Job Initialisation in MapReduce
Resource manager hands off the request to the YARN scheduler when it receives a call to its submitApplication() method. The resource manager launches the application master’s process there when the scheduler allocates a container under the node manager’s management. MRAppMaster is the main class of Java application for the Java application that masters for MapReduce jobs. By creating a number of bookkeeping objects, it initializes the job to keep track of the job’s progress. This is because it will receive completion reports and receive progress from the tasks.
The next step is retrieving the input splits. These are computed in the client from the shared filesystem. Then a map task object is created for each split. It also creates a number of reduce task objects determined by the mapreduce.job.reduces property. This property is set by the setNumReduceTasks() method on Job. At this point, tasks are given IDs and how to run the tasks that make up the MapReduce job is decided up by the application master.
Application master may choose to run the tasks in the same JVM as itself if the job is small. If the running tasks and overhead of application running and allocation outweigh the gain to be running in parallel, application master will work on. Such a task is said to be uberised.
A job that is one that has less than 10 mappers, only one reducer can be defined as a small job. For a small job, the size of the input is less that one HDFS block. By setting mapreduce.job.ubertask.maxmaps, mapreduce.job.ubertask.maxreduces, and mapreduce.job.ubertask.maxbytes, these values may be changed for a job.

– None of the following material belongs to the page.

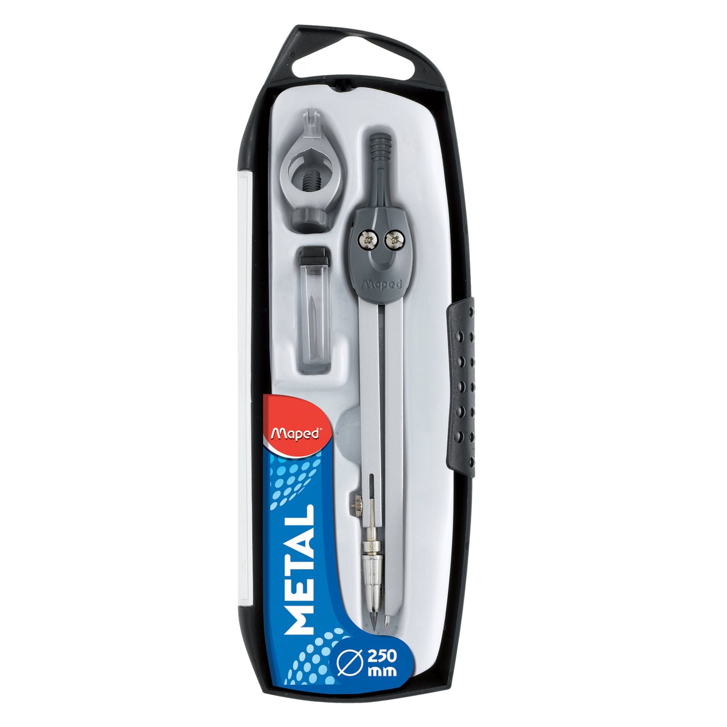Готовальня MAPED (Франция) "Stop System", 3 предмета, ударопрочный пенал с европодвесом, 196100

By setting mapreduce.job.ubertask.enable to true, Uber tasks must be enabled explicitly (for an individual job, or across the cluster). The application master calls the setupJob() method on the OutputCommitter, finally before any tasks can be run, the application master calls the setupJob() method on the OutputCommitter.
The final output directory for the job and the temporary working space for the task output is created by the FileOutputCommitter (it is the default). Final output directory for the job is created and for the task output, the temporary working space is created.